● **ENTRIES SHOWN**
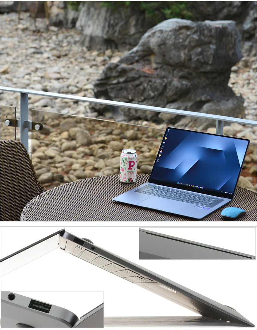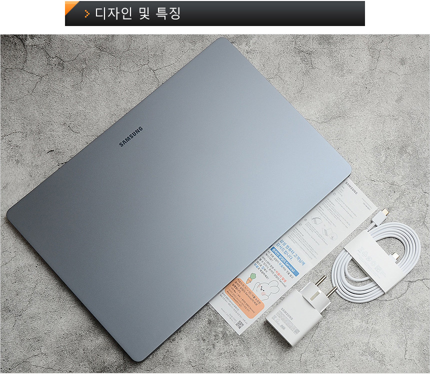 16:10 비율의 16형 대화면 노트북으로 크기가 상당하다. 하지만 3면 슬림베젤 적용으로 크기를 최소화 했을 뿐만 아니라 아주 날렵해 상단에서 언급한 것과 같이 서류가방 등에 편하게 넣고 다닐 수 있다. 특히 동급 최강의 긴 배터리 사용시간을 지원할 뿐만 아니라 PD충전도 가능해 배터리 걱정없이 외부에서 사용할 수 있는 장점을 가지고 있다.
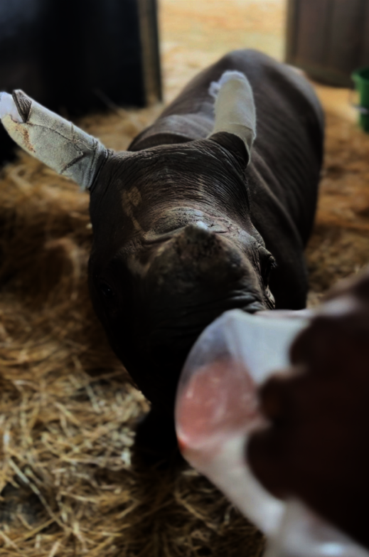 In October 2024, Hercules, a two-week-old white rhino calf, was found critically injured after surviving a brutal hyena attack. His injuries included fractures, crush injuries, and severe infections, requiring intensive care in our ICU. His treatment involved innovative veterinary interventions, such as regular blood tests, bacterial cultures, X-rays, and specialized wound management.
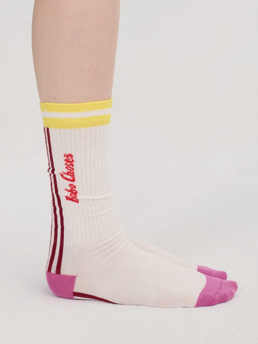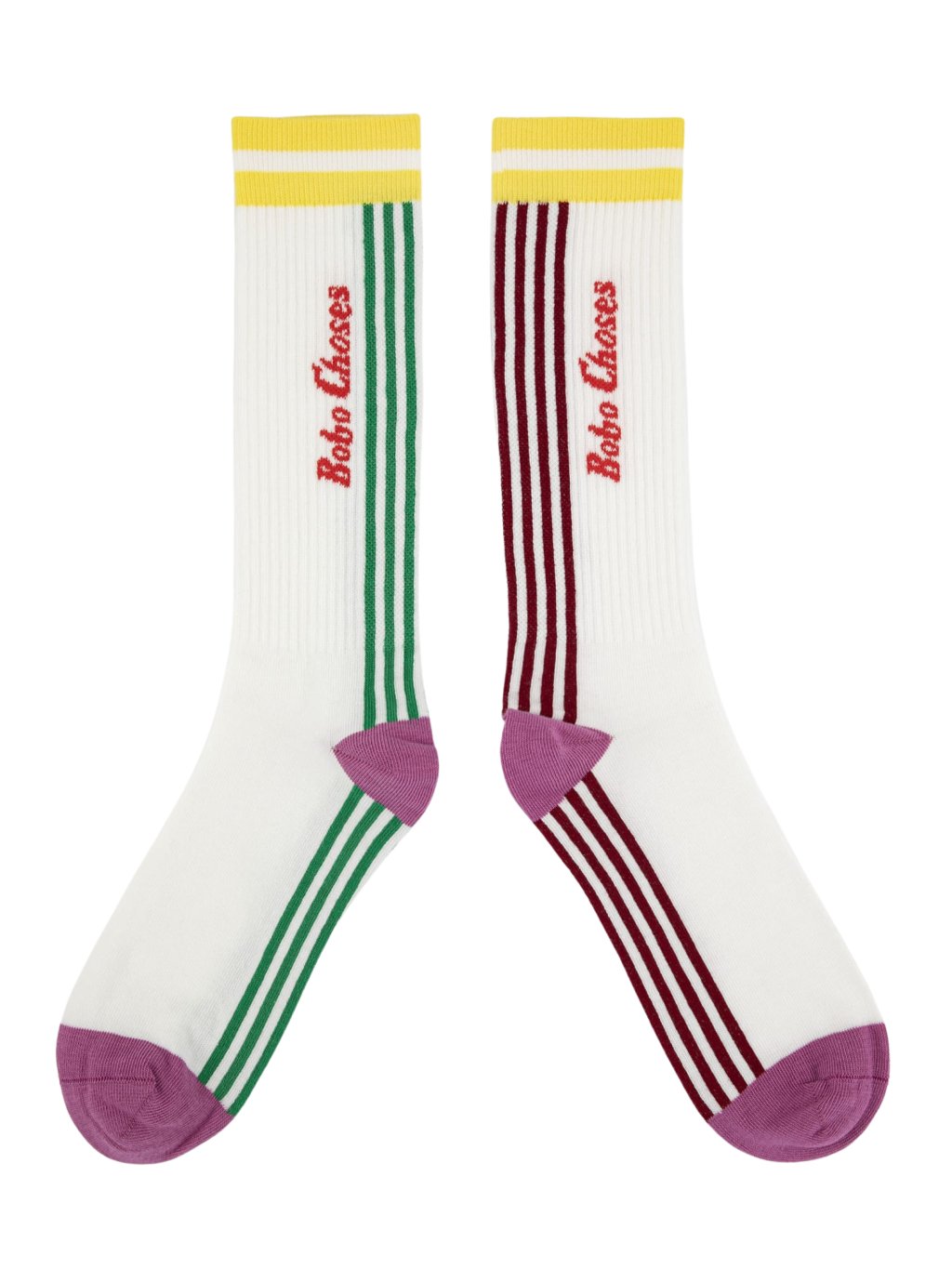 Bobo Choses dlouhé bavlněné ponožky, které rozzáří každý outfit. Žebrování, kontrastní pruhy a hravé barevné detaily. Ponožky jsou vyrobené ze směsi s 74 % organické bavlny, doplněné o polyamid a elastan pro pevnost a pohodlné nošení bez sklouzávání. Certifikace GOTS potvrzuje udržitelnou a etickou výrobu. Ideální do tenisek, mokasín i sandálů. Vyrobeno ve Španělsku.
---
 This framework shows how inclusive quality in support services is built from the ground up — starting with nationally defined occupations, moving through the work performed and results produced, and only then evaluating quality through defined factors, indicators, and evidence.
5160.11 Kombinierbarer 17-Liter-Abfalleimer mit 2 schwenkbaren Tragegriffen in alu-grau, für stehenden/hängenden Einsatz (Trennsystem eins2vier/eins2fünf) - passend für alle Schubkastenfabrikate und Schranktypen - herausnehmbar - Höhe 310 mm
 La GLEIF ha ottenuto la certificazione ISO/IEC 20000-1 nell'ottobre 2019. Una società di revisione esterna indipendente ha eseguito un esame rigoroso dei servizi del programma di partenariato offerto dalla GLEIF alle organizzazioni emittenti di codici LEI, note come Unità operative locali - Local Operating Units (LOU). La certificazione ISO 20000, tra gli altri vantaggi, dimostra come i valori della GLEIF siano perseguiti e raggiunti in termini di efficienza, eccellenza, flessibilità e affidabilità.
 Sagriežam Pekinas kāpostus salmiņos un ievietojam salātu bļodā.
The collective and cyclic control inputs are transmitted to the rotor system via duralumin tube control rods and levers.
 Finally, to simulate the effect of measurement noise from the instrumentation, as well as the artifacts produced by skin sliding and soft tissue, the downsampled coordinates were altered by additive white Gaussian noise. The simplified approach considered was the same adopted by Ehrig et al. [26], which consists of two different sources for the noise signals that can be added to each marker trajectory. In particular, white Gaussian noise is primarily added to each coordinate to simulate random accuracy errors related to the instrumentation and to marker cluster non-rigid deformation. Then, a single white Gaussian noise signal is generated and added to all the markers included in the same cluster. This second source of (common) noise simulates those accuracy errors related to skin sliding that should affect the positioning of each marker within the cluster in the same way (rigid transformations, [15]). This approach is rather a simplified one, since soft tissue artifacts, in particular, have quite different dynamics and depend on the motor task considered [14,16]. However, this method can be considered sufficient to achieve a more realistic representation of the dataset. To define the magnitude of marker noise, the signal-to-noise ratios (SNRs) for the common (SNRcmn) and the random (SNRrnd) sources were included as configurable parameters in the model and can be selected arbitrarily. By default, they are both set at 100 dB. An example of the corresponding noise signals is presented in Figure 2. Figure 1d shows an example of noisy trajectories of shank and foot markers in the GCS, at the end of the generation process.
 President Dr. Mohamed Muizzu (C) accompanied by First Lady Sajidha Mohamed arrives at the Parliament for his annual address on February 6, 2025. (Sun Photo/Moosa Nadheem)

● **WORK TO BE COMPLETED**
Here the job is to copy the stretch of records from the line containing "16:10 비율의 16형" through the line containing "In October 2024, Hercules, a", word for word. Leave every picture out.

● **SOLVED EXERCISE**
 16:10 비율의 16형 대화면 노트북으로 크기가 상당하다. 하지만 3면 슬림베젤 적용으로 크기를 최소화 했을 뿐만 아니라 아주 날렵해 상단에서 언급한 것과 같이 서류가방 등에 편하게 넣고 다닐 수 있다. 특히 동급 최강의 긴 배터리 사용시간을 지원할 뿐만 아니라 PD충전도 가능해 배터리 걱정없이 외부에서 사용할 수 있는 장점을 가지고 있다.
 In October 2024, Hercules, a two-week-old white rhino calf, was found critically injured after surviving a brutal hyena attack. His injuries included fractures, crush injuries, and severe infections, requiring intensive care in our ICU. His treatment involved innovative veterinary interventions, such as regular blood tests, bacterial cultures, X-rays, and specialized wound management.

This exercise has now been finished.